O capítulo XV do Mein Kampf do Hitler trata da propaganda política nazista, foi muito eficaz e ainda é:
Por exemplo a repetição , n vezes de uma mentira passa a ser uma “verdade”.
A mentira ganha maior credibilidade se for exagerada etc.
Plavov (reflexos condicionados) Jung (inconsciente coletivo) Freud (a sexualidade) os fisiologistas russos que colocam o instinto da alimentação acima da sexualidade etc. são utilizados.
Para o leitor comum e menos avisado é dificil separar informação de propaganda e publicidade com suas numerosas técnicas de persuação/manipulação. O bom jornalismo deve evitá-las e procurar sempre o contraditório e a isenção.

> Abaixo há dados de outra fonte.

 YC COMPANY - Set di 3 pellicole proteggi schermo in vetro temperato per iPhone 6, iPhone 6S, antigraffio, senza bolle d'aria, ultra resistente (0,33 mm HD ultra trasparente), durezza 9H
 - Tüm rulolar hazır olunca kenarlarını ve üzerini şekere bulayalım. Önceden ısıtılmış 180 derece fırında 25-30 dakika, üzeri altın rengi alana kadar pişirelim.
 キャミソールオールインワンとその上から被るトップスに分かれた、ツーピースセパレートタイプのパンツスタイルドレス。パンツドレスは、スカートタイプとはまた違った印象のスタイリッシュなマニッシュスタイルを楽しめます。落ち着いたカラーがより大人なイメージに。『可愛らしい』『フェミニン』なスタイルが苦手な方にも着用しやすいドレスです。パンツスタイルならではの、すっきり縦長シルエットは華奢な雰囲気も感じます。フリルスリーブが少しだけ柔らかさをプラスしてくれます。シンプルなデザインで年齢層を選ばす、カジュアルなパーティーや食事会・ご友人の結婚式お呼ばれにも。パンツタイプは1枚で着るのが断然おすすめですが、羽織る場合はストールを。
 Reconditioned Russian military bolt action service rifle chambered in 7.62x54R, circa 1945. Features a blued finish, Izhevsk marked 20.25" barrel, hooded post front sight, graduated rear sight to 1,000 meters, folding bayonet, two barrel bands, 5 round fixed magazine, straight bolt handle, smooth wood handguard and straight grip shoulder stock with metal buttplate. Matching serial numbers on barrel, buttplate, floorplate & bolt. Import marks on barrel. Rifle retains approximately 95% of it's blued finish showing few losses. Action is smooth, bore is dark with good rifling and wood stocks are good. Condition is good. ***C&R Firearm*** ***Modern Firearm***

Isso é ótimo porque, pessoalmente eu parei na edição de posse de Lula (Veja 1784 de 06/01/2003, pp. 22-44). Mais aqui: http://markltda.blog.uol.com.br/
E, lamento informar, não é de hoje que o panfletão reaça e desrespeitoso, acintoso, preconceituoso, arrogante... beirando o estilo neo-nazi.
Certa vez, vi essa frase aqui no blog mesmo. Diz tudo.
Revista Veja: não compre; se comprar, não abra; se abrir, não leia; se ler não acredite e se acreditar, relinche.
(H.C. Paes, blog Nassif)
Caros senhores,
Quer dizer que, afirmar desconhecer o que acontece em sua volta, e ignorar o que faz seus parceiros e eliados, é democrático?
E, ao contrario, denunciar abusos e corrupções, é anti-democratico e jornalismo, como voces dizem "factoide" ?
Ainda bem que, por enquanto, aida reine a liberdade de expressão. Pois o que me parece que voces querem censura em tudo aquilo que não fale favoravelmente aos seus 'AMIGOS".
O comportamento da VEJA não é novidade.
A revista está uma M. desde o início dos anos 90.
Mas seu erro foi não prever que, ao partir para o ataque frontal contra o LULISMO, iria bater de frente também contra duas outras forças : a militância histórica dos PETISTAS e os desiludidos com FHC. Estes últimos enxergam em LULA uma espécie de revanche contra os tucanos.